The invention discloses a method comprising providing a fluid comprising a viscosifying agent in an aqueous medium; contacting the fluid with a N-halogenated derivative of hydantoin; whereby the viscosity of the fluid with the N-halogenated derivative of hydantoin is reduced compared to the viscosity of the fluid alone; and introducing the fluid into a well. The N-halogenated derivative of hydantoin can be dichlorodimethylhydantoin (DCDMH), bromochlorodimethylhydantoin (BCDMH), or dibromodimethylhydantoin (DBDMH). The N-halogenated derivative of hydantoin can be 1,3-Dichloro-5,5-dimethylhydantoin or 1,3-Dibromo-5,5-dimethylhydantoin.

Description

    FIELD OF THE INVENTION
  • The invention relates to use of composition fluids made with N-halogenated derivatives of hydantoin. More particularly, the invention relates to use of that fluid for operations in a well from a subterranean petroleum reservoir. Most particularly, the invention relates to use of that produced water for stimulation operations as slickwater.
  • BACKGROUND
  • Slickwater fracturing has increased over the past decade with the advent of shale gas plays. Horizontal wells are now the standard with up to 1 million gallons of water in as many as 6 to 9 frac stages per well. The objective is to create as much contact with the reservoir. To pump high-rate fracture stimulation with fresh water or brine, a friction reducer is required. Most friction reducers used in slickwater fracturing are high-molecular-weight polyacrylamide emulsions. These emulsions are easy to disperse and hydrate into water and also easy to pump and meter.

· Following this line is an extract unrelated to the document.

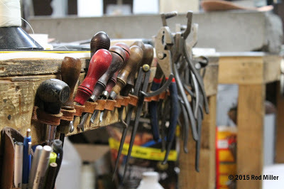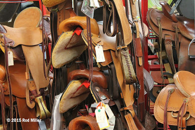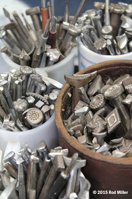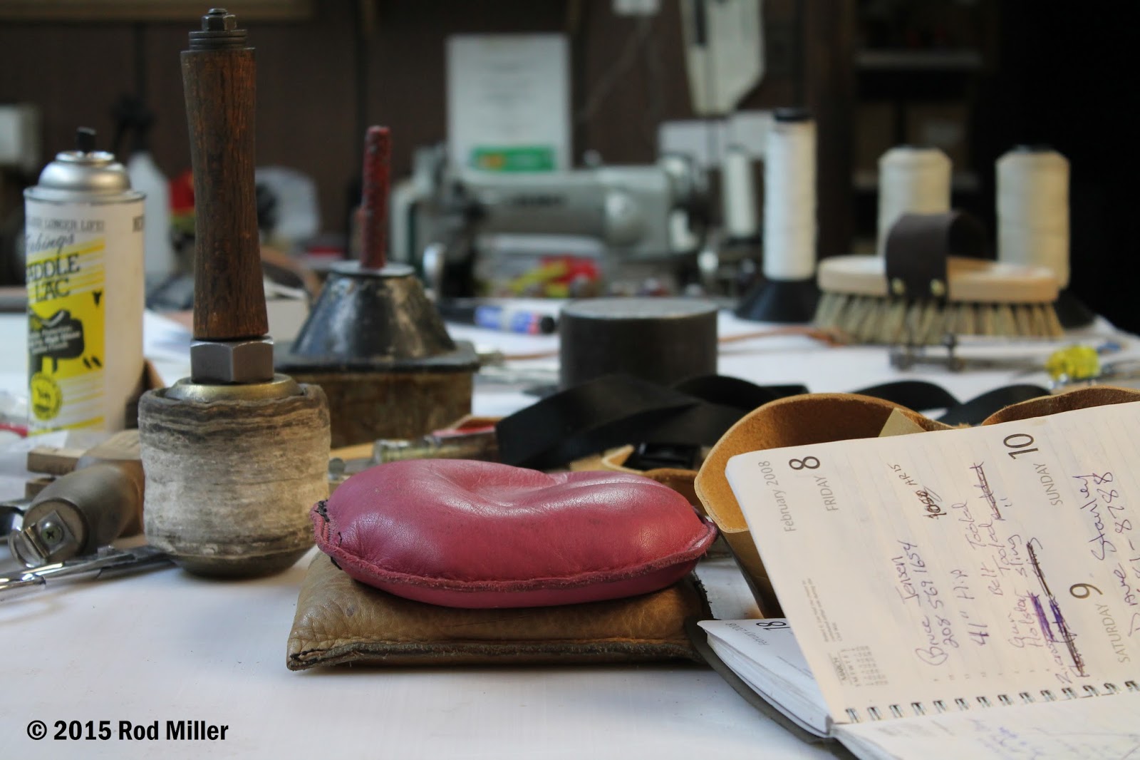 At work.Working with leather is a job, a craft, a skill, and an art. While doing stories on a couple of those artists I captured a few behind-the-scenes photos of some of the tools and materials the artists employ, ending with saddles for sale and an extreme close-up of a maker’s mark stamped into leather.

  • Because these friction reducers are typically pumped at low concentrations (0.5 to 2 gpt), the industry perception has been that these friction reducers are causing little or no damage to the formation. Since polyacrylamides are synthetic polymers, there is a belief that they are difficult to break.
  • Slickwater fracturing utilizes very large quantities of water with several stages per well which introduces large volumes of friction reducer into the formation. As such, several operators have recently expressed concerns about the possible fracture and formation damage caused by these friction reducers. To minimize formation damage caused by friction reducers, breakers may be required. Some breakers are delayed to allow the friction to be reduced in the tubing where it is most effective. At even low concentrations of 0.25 gallon/1000 gallons of water, results in 250 gallons of potential polymer damage. Once past the perforations, the breaker will break the polymer to reduce the damage. A number of oxidative breakers such as persulfates, organic peroxide and inorganic peroxides have been used. However, there is still a need for an environmentally friendly viscosity breaker for a well treatment fluid that contains a polyacrylamide friction reducer.
  • SUMMARY
  • In a first aspect, a method provides a fluid comprising a viscosifying agent in an aqueous medium; contacts the fluid with a N-halogenated derivative of hydantoin; whereby the viscosity of the fluid with the N-halogenated derivative of hydantoin is reduced compared to the viscosity of the fluid alone; and introduces the fluid into a well. The halogen can be chlorine or borate. The N-halogenated derivative of hydantoin can be dichlorodimethylhydantoin (DCDMH), bromochlorodimethylhydantoin (BCDMH), or dibromodimethylhydantoin (DBDMH). For example, the N-halogenated derivative of hydantoin can be 1,3-Dichloro-5,5-dimethylhydantoin or 1,3-Dibromo-5,5-dimethylhydantoin.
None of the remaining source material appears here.